Apr 28 12:43:50 red-vds4.qa.lab.tlv.redhat.com daemonAdapter[14863]: OSError: [Errno 2] No such file or directory: '/var/run/vdsm/svdsm.sock'
Apr 28 12:43:50 red-vds4.qa.lab.tlv.redhat.com systemd[1]: Stopped Auxiliary vdsm service for running helper functions as root.

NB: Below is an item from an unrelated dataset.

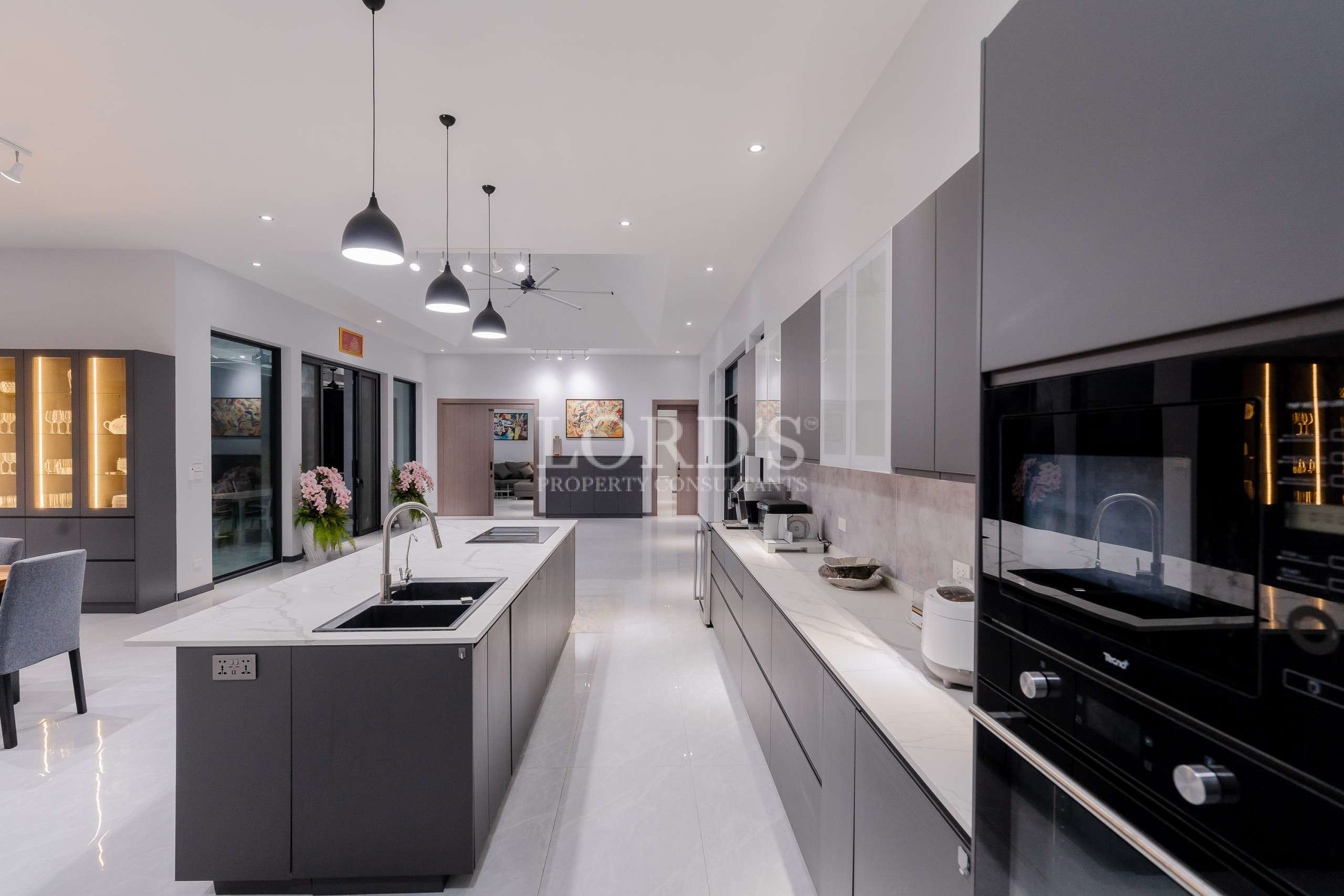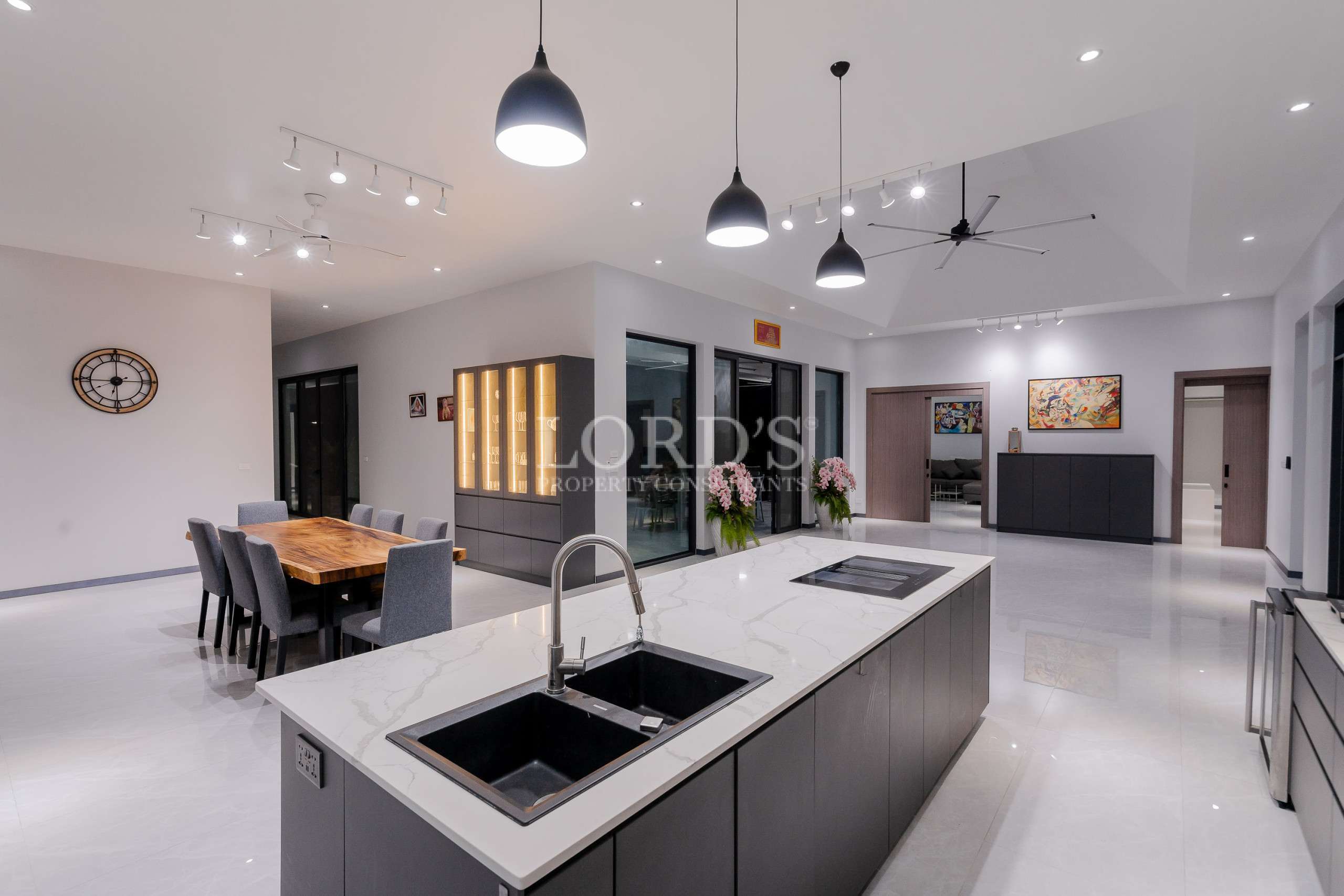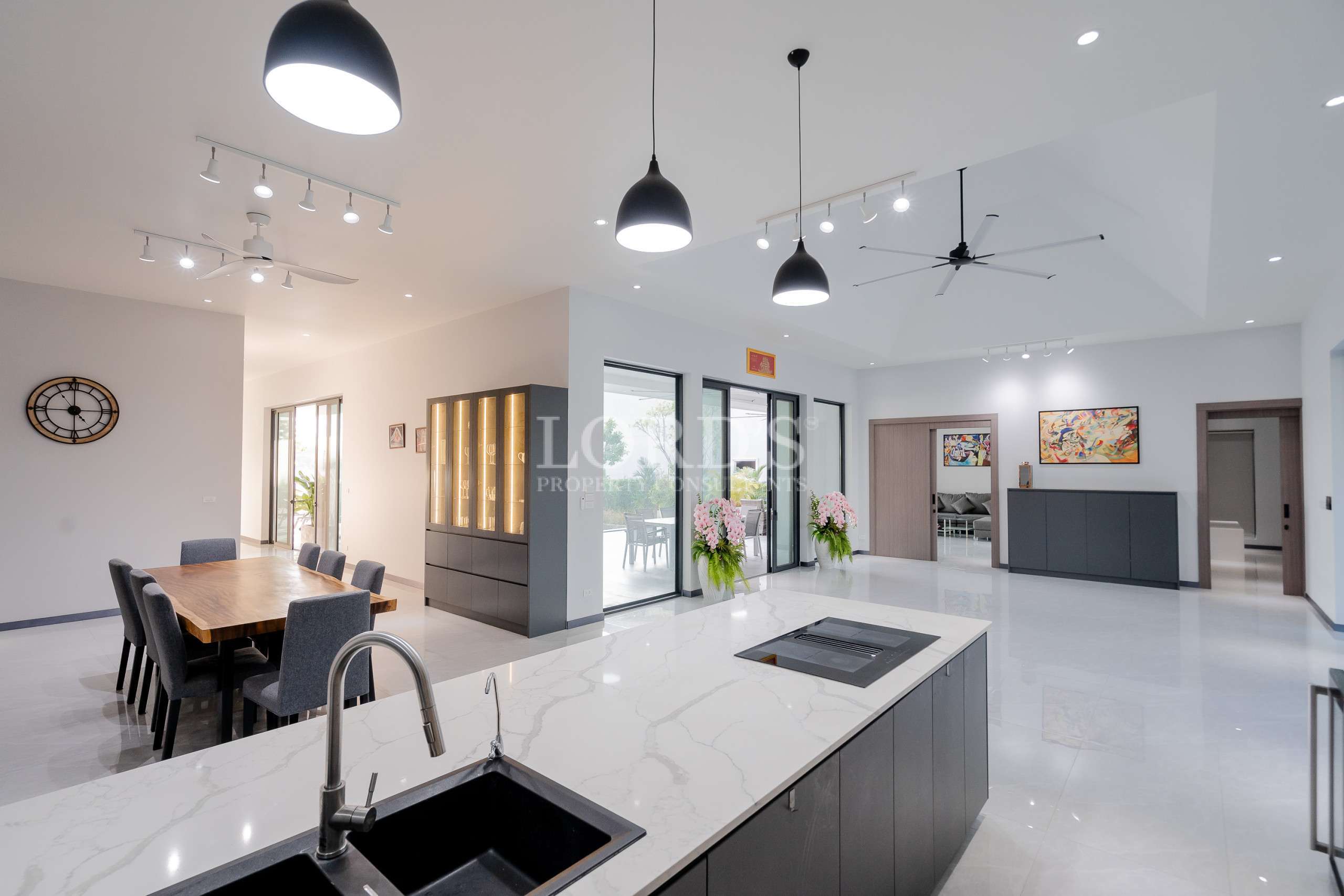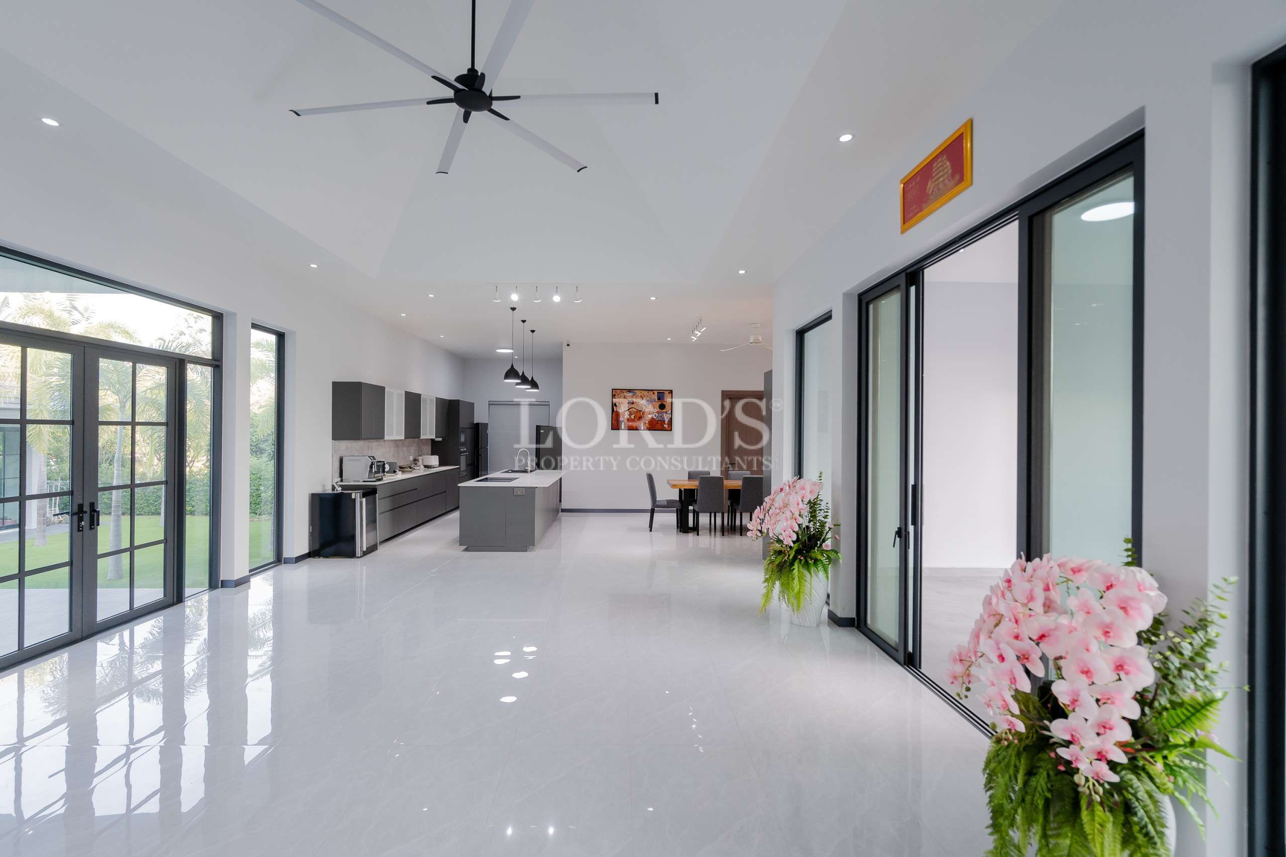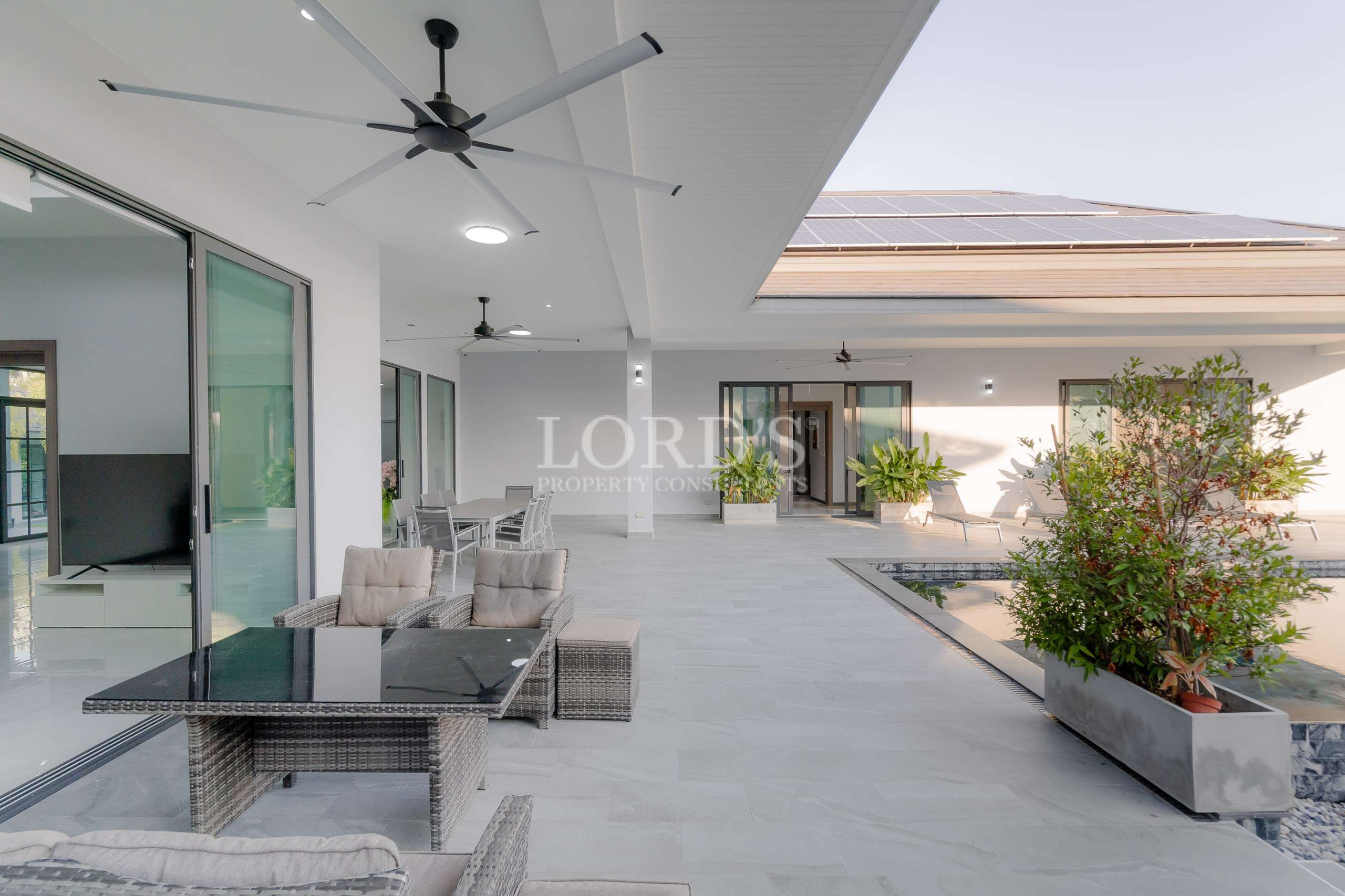 Die Villa besteht aus 5 Schlafzimmern mit eigenem Bad und extra Gästetoilette, einer großen offenen Küche und einem geräumigen Essbereich, außerdem gibt es einen TV/Karaoke-Raum und einen Hauswirtschaftsraum.

This reproduced when updating vdsm+libvirt in one shot
libvirt-3.9.0-14.el7_5.2 - > 3.9.0-14.el7_5.3
vdsm-4.20.25-1.el7ev.x86_64 -> vdsm-4.20.27-1.el7ev.x86_64

This bug reproduced as well when doing yum history undo to both vdsm+libvirt
vdsm is dead with same error.

Comment 23 Michael Burman 2018-04-28 10:02:10 UTC
Created attachment 1428017 [details]
failedQA logs

Comment 24 Martin Perina 2018-05-01 21:23:02 UTC
After offline discussion removing blocker flag and retargeting to 4.2.4

Comment 25 Red Hat Bugzilla Rules Engine 2018-05-01 21:23:08 UTC
This bug report has Keywords: Regression or TestBlocker.
Since no regressions or test blockers are allowed between releases, it is also being identified as a blocker for this release. Please resolve ASAP.

Comment 26 Piotr Kliczewski 2018-06-28 13:10:37 UTC
This seems to be systemd bug and I would like to open one. Please provide systemd logs when the issue occurs so we can provide enough info for systemd devs to analyze.

Comment 31 Michael Burman 2018-07-23 15:14:30 UTC
Verified on - vdsm-4.20.35-1.el7ev.x86_64

Upgraded libvirt-3.9.0-14.el7_5.2 > libvirt-3.9.0-14.el7_5.6.x86_64
Upgraded vdsm-4.20.25-1.el7ev > vdsm-4.20.35-1.el7ev.x86_64
vdsm is alive after upgrade

Comment 32 Sandro Bonazzola 2018-07-31 15:31:33 UTC
This bugzilla is included in oVirt 4.2.5 release, published on July 30th 2018.

Since the problem described in this bug report should be
resolved in oVirt 4.2.5 release, it has been closed with a resolution of CURRENT RELEASE.

If the solution does not work for you, please open a new bug report.